On 2019-07-09 20:03, Maurizio Cimadamore wrote:
> Actually, I disagree. Once created, a Layout endianness is part of the
> layout itself. So, the underlying CP representation should just
> reflect whatever is in the layout.
> 
> The problem you raise is more related to the fact that an assumption
> made at compile-time (e.g. on endianness) can be invalidated at
> runtime, but that's more an issue that has to be addressed when (and
> if) javac support this. For instance, when investigating
> intrinsification opportunities for String.format a similar problem
> arose: the Locale used to format the string was not guaranteed to be
> preserved from compile- to run- time. The solution was to come up with
> a BSM which check the compile-time assumptions against the run-time
> ones and fallback to usual code when such invariants were violated.
> 
> So, there are two issues: one is to be able to embed layout constants
> in the constant pool, which is addressed by this patch. A second (and
> arguably deeper issues) is how to reliably intrinsify layouts, so that
> we don't accidentally depend on conditions that were present at
> compile-time, but are invalidated at run-time.

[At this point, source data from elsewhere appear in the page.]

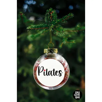 Pilates love, Transparent Christmas tree ball ornament with red filling 8cm
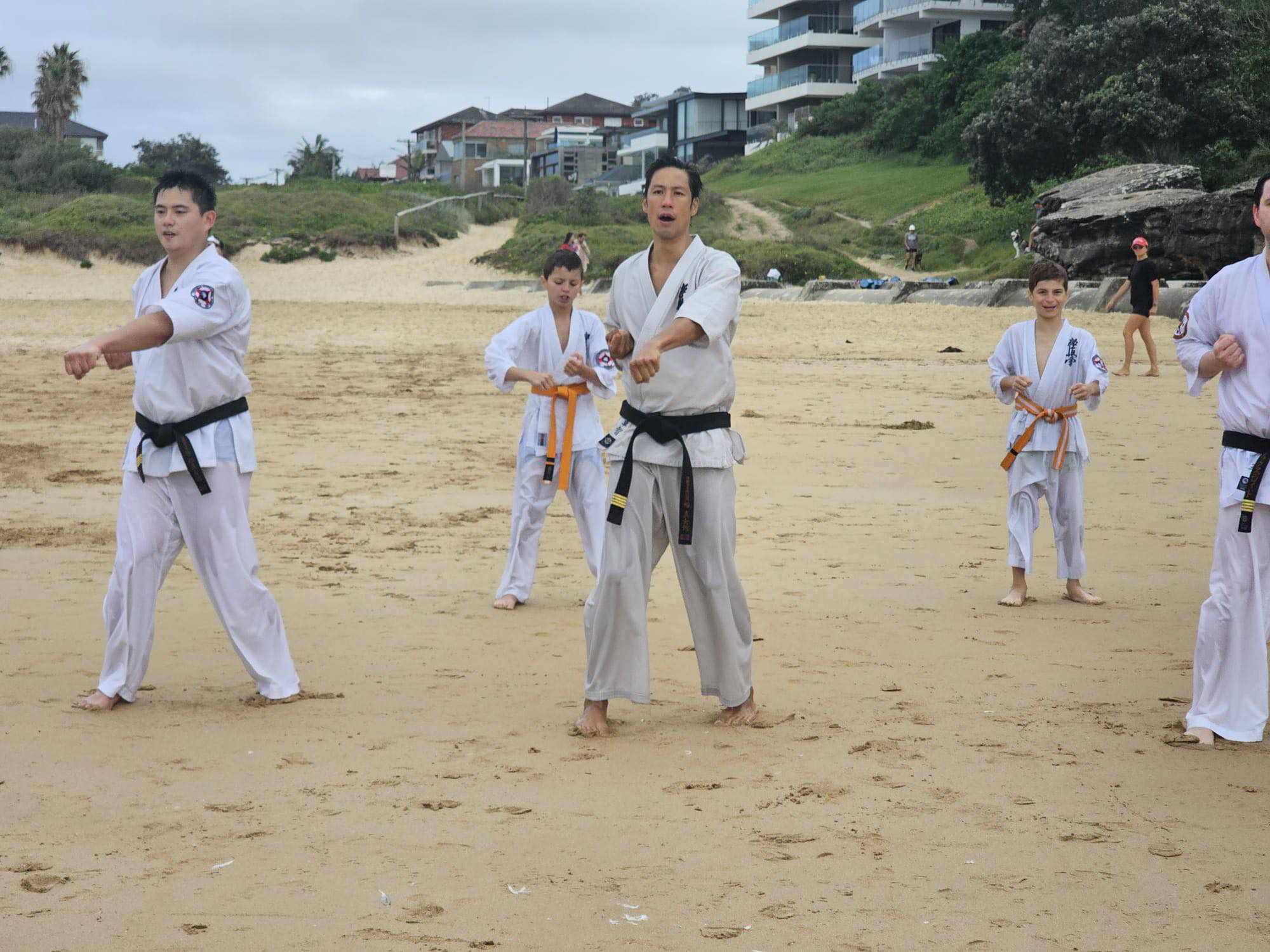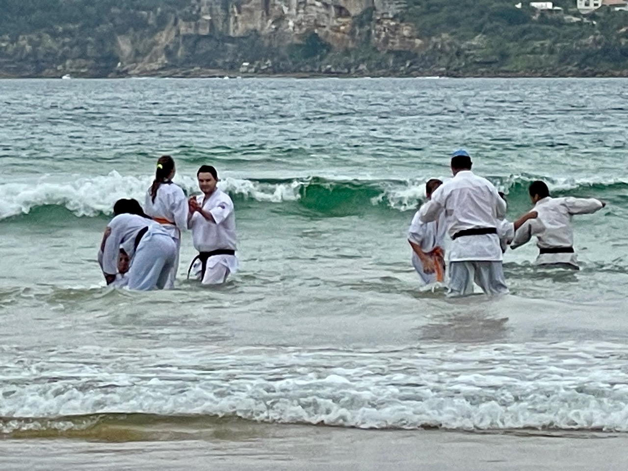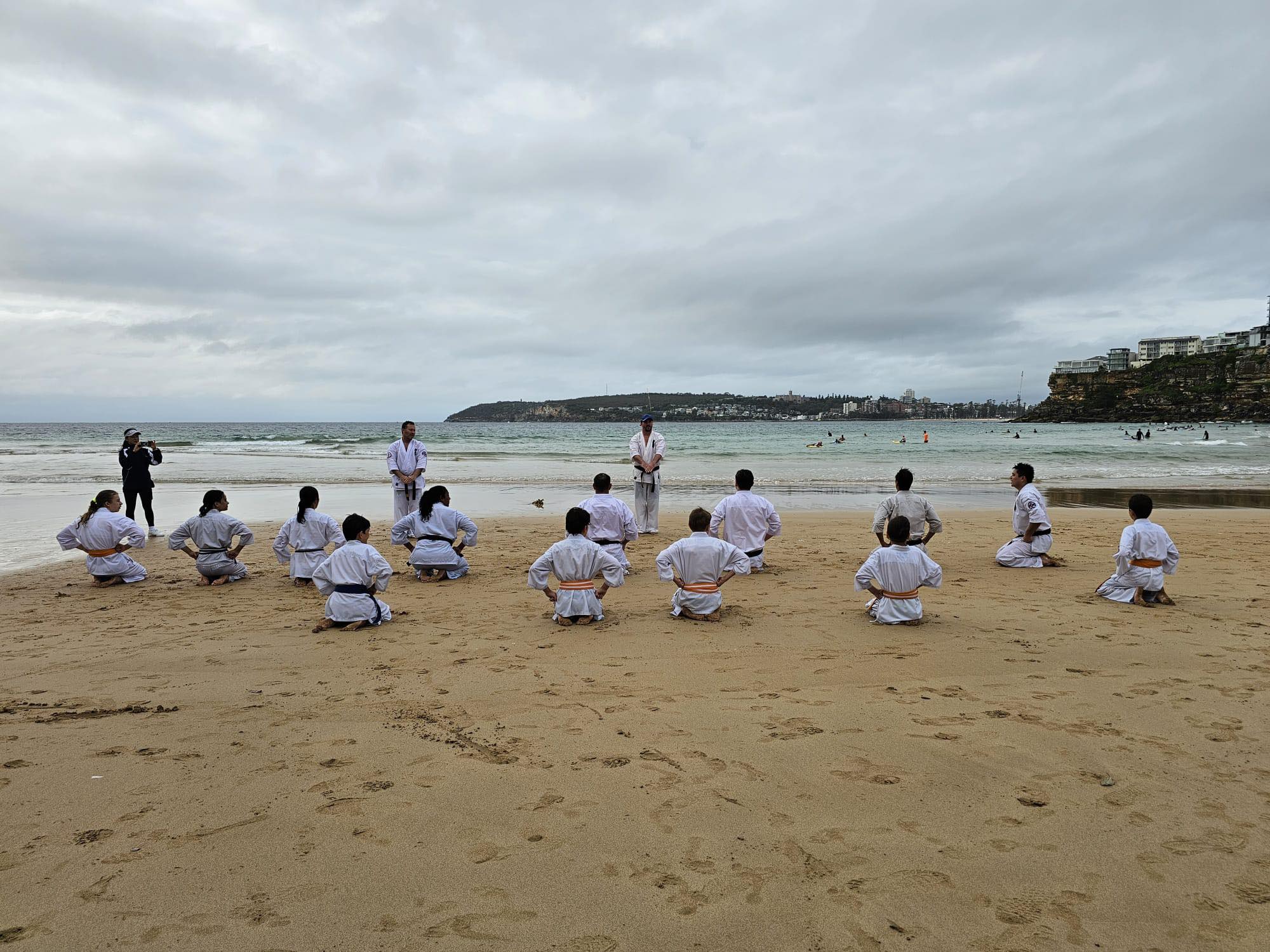 The training included fitness and basic training on the sand and in the waves, and kumite in the waves, finishing with some water wheel kicks.
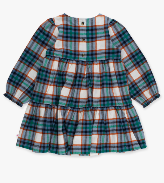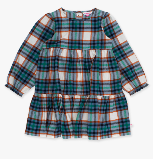 RuffleButts + RuggedButts - Woven Long Sleeve Tiered Twirl Dress - Peyton Plaid
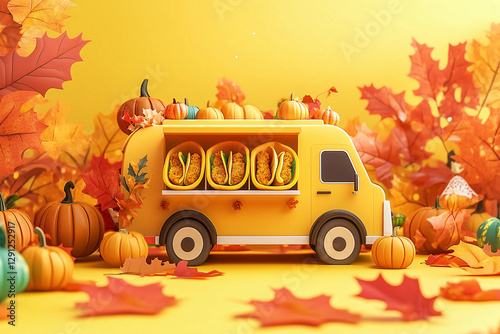 A colorful, autumn-themed food truck with tacos surrounded by pumpkins and fall leaves in a festive, cozy atmosphere.
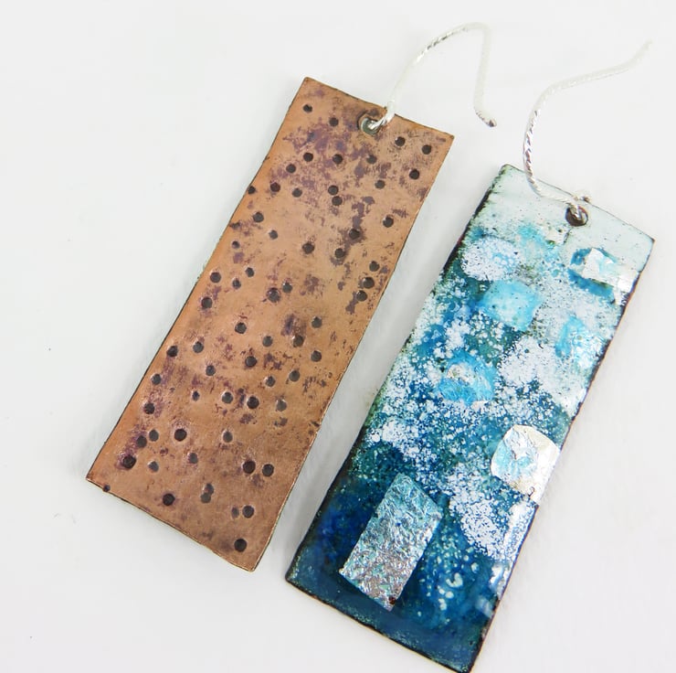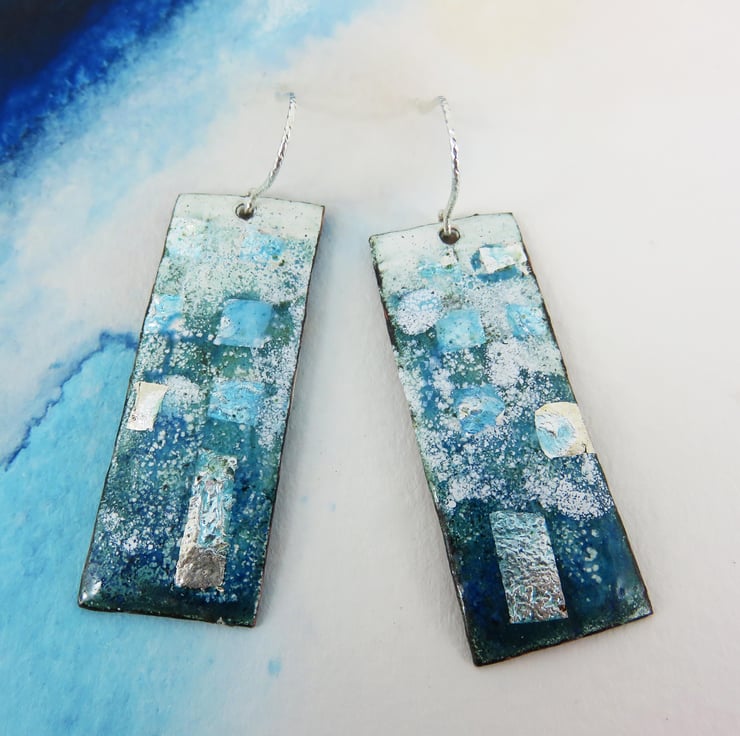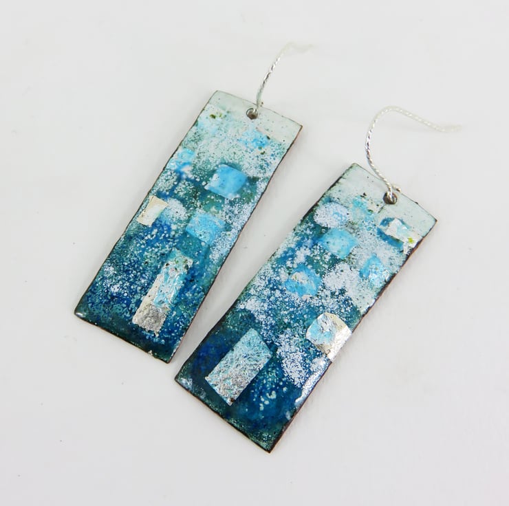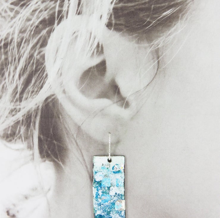 15mm x 40mm copper rectangles have been textured on the back with a punch tool. On the front layers of white and transparent turquoise enamel have been fired onto the copper surface. Squares of silver foil have been melted into the laid onto the surface and more enamels applied. Twisted silver wires have been attached for a glittery effect. A unique one off pair of statement earrings.
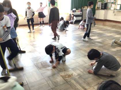年度末のワックスがけのために、机や椅子などを廊下に出して、床の汚れを落としました。1年間お世話になった教室に感謝の気持ちをこめて、時間いっぱいみがいていました。
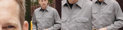 65% polyester, 35% cotton; Visa® moisture-wicking and stain-release finish; Generous fit across shoulders; Long-sleeves, extra-long tail and 20-line melamine buttons; Two chest pockets and two-button cuffs for a custom fit; Dickies logo patch at bottom of placket; Shirt colors match Dickies traditional work pants;
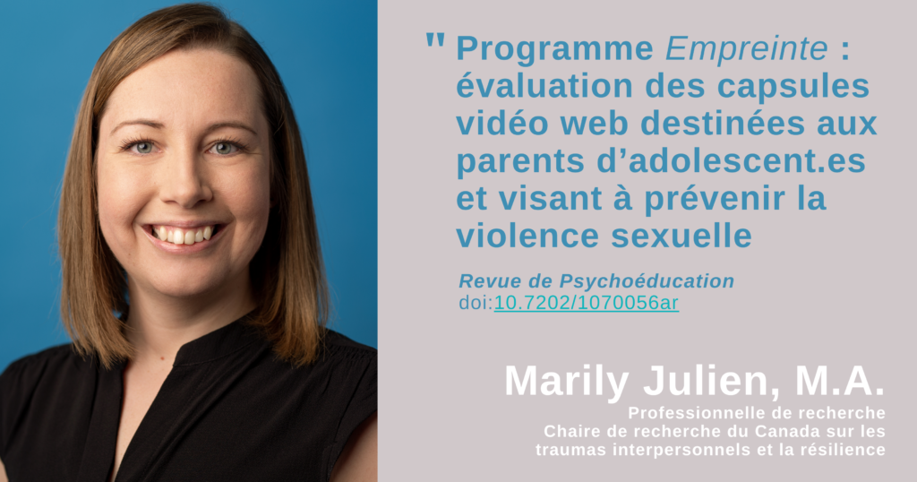 Un article tiré du mémoire réalisé par Marily Julien, Manon Bergeron et Martine Hébert, directrice du laboratoire est récemment paru dans la Revue de Psychoéducation.

To me these are
> separate issues.
> 
> I also think that at some point we will need to address the stance on
> endianness - right now we expose some 'endianness-inferring' factories
> which are, I think, misleading. I think a better approach would be for
> the factories to be always explicit, and then to have a set of
> constants which users can import, which 'do the right thing'
> (depending on what 'the right' thing is in a given context).
> 
> Also, we have the option of, if we wanted to, keep track if an
> endianness-inferring factory was used and, if so, simply refuse to
> return a ConstantDesc. This means that we would only be able to create
> ConstantDesc for things that have an explicitly provided endianness,
> which would then side-step the issues you mentioned.
> 
> Maurizio
> 
> On 09/07/2019 18:01, Jorn Vernee wrote:
>> Looking at this again, I realized there's a problematic part w.r.t. 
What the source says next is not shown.